*Material provided*.
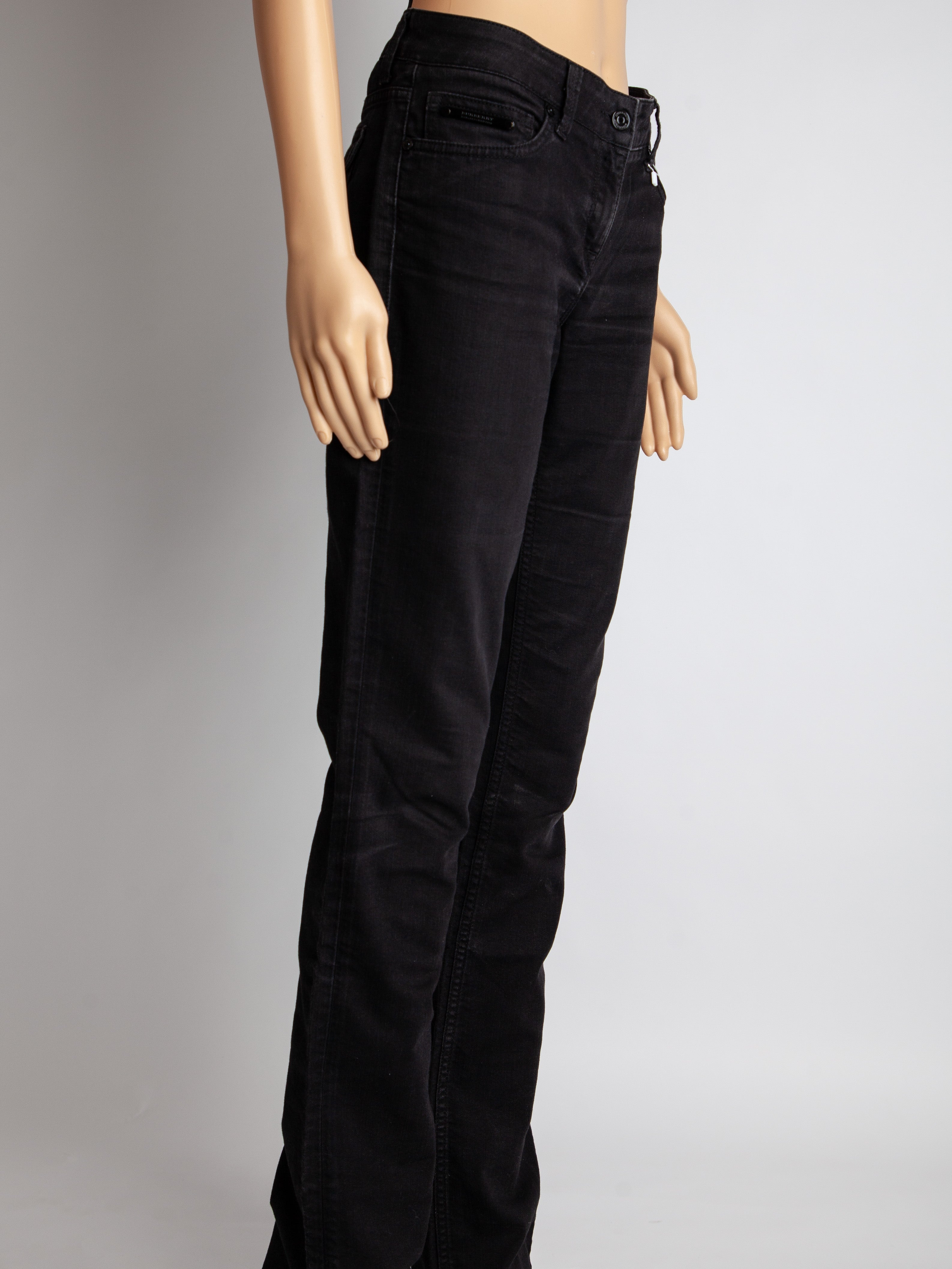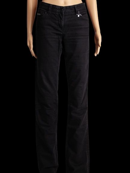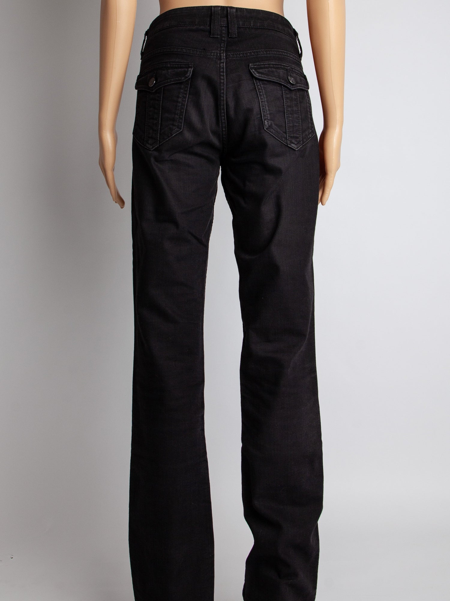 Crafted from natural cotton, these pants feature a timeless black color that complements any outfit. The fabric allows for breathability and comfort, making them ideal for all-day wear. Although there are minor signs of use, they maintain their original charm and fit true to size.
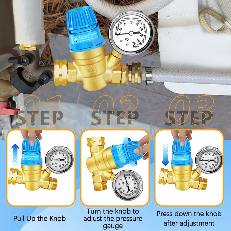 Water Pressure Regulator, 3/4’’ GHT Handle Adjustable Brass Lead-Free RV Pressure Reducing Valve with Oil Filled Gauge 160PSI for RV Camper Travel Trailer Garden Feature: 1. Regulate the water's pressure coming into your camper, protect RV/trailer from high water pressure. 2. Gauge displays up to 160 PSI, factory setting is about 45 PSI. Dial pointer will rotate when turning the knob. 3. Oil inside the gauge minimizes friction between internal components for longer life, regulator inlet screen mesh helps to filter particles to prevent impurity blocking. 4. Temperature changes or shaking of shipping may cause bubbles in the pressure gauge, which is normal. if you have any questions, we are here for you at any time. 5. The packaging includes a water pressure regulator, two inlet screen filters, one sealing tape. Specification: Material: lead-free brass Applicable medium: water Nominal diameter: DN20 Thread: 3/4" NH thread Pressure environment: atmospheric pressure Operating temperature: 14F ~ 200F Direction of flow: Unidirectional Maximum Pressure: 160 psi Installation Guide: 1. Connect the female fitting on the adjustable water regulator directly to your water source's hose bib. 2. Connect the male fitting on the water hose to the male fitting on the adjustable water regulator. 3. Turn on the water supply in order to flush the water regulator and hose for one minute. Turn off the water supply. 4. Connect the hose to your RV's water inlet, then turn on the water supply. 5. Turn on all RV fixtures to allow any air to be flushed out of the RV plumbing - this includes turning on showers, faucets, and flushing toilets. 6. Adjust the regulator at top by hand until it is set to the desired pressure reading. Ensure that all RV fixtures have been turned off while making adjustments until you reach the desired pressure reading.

==

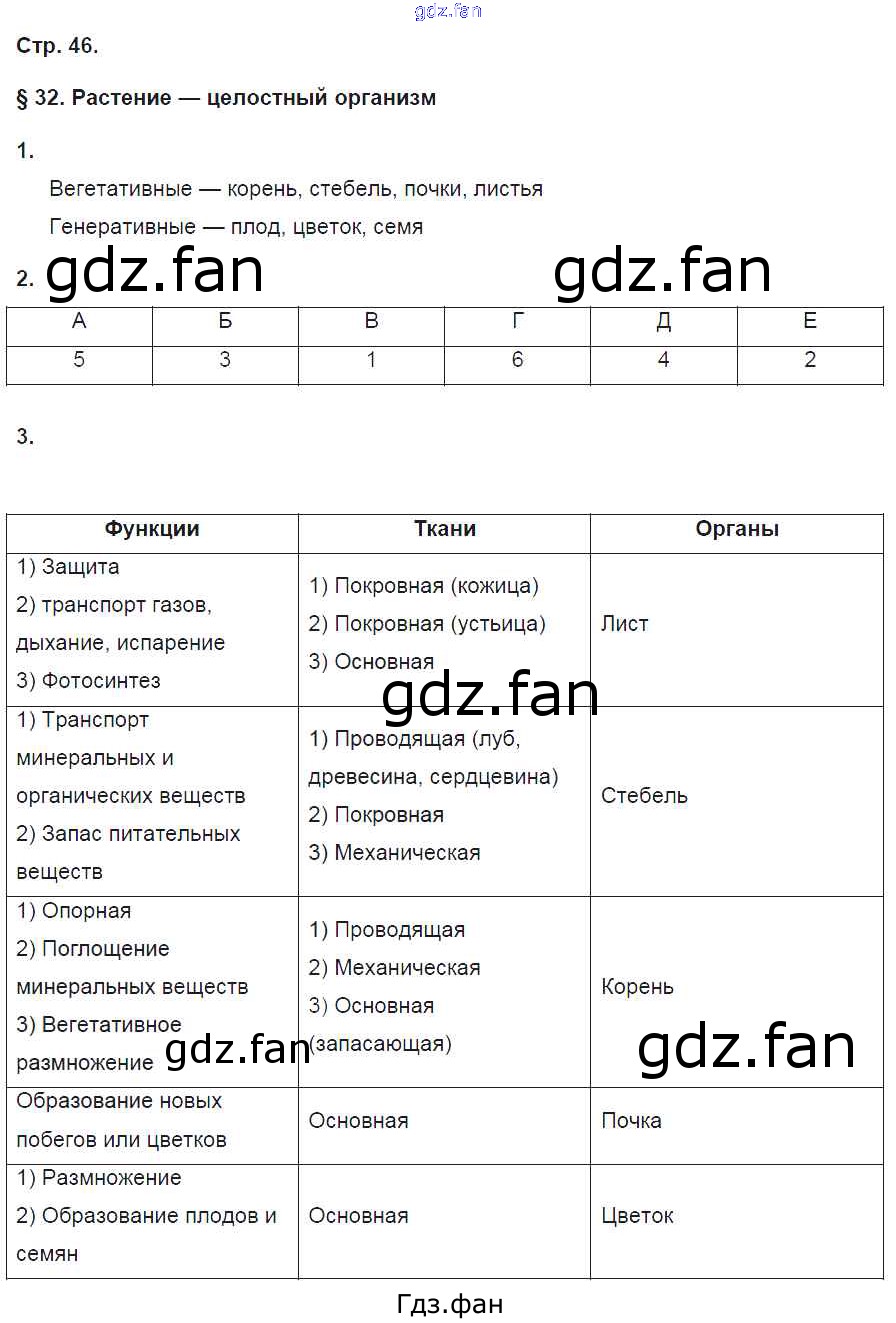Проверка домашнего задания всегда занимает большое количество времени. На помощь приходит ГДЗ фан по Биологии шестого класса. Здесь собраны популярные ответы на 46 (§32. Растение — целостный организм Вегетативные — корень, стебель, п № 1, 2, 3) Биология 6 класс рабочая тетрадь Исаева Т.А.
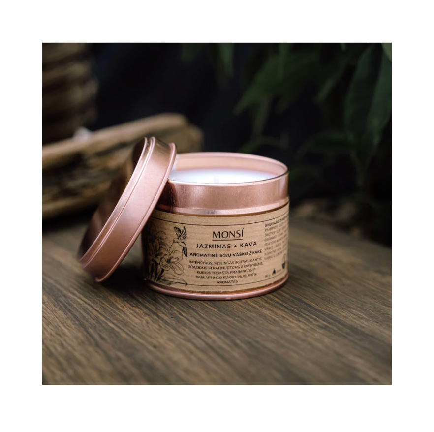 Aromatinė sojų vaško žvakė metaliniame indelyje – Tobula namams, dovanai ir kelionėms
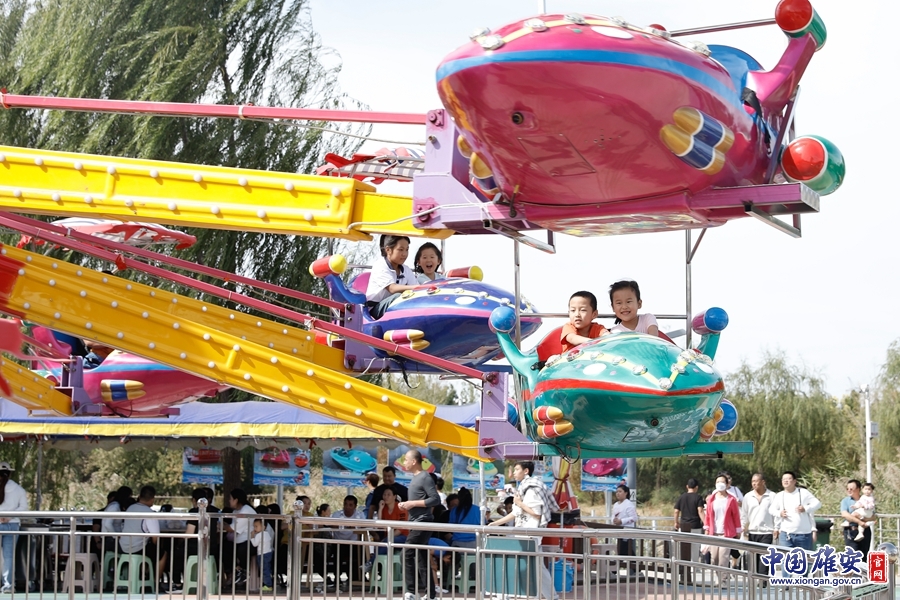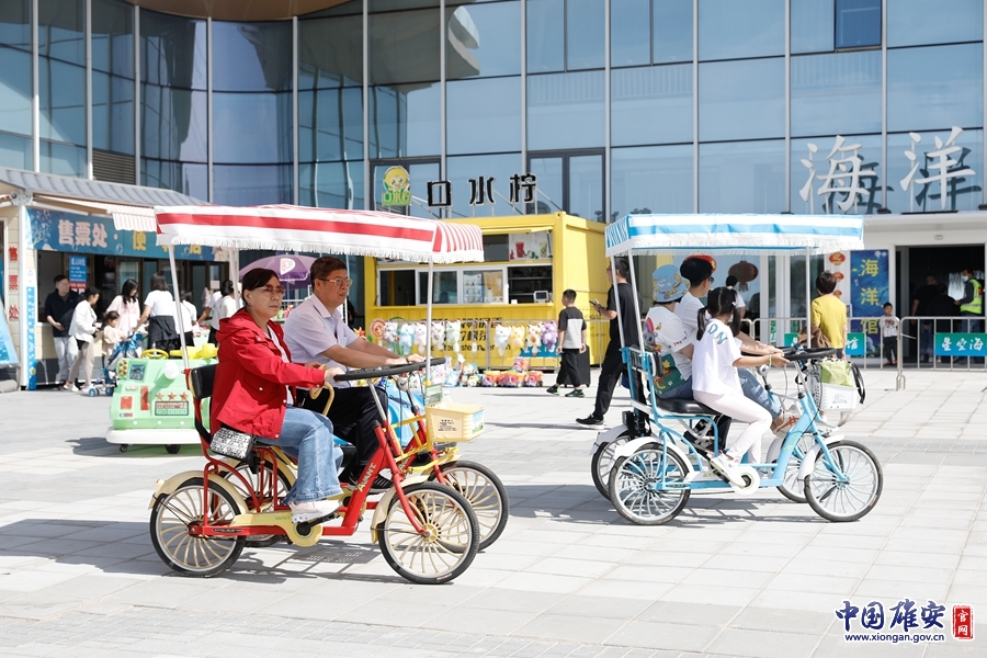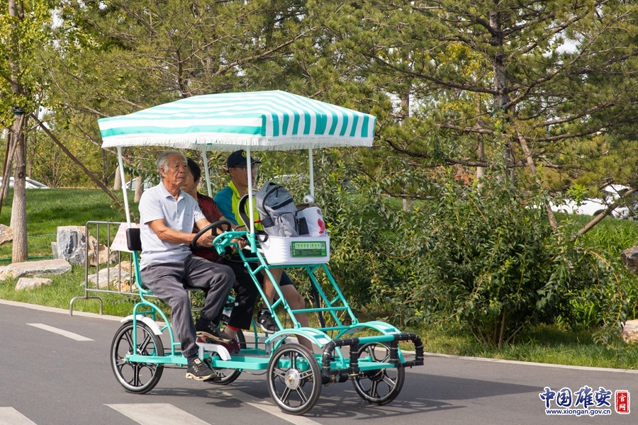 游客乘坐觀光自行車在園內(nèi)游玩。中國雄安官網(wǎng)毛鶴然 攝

*Problem statement*.
Exactly as written above, retype the lines starting at the one holding "Проверка домашнего задания" and ending at the one holding "游客乘坐觀光自行車在園內(nèi)游玩。中國雄安官網(wǎng)毛鶴然 攝", both included, but not the pictures.

*Exercise response*.
Проверка домашнего задания всегда занимает большое количество времени. На помощь приходит ГДЗ фан по Биологии шестого класса. Здесь собраны популярные ответы на 46 (§32. Растение — целостный организм Вегетативные — корень, стебель, п № 1, 2, 3) Биология 6 класс рабочая тетрадь Исаева Т.А.
 Aromatinė sojų vaško žvakė metaliniame indelyje – Tobula namams, dovanai ir kelionėms
 游客乘坐觀光自行車在園內(nèi)游玩。中國雄安官網(wǎng)毛鶴然 攝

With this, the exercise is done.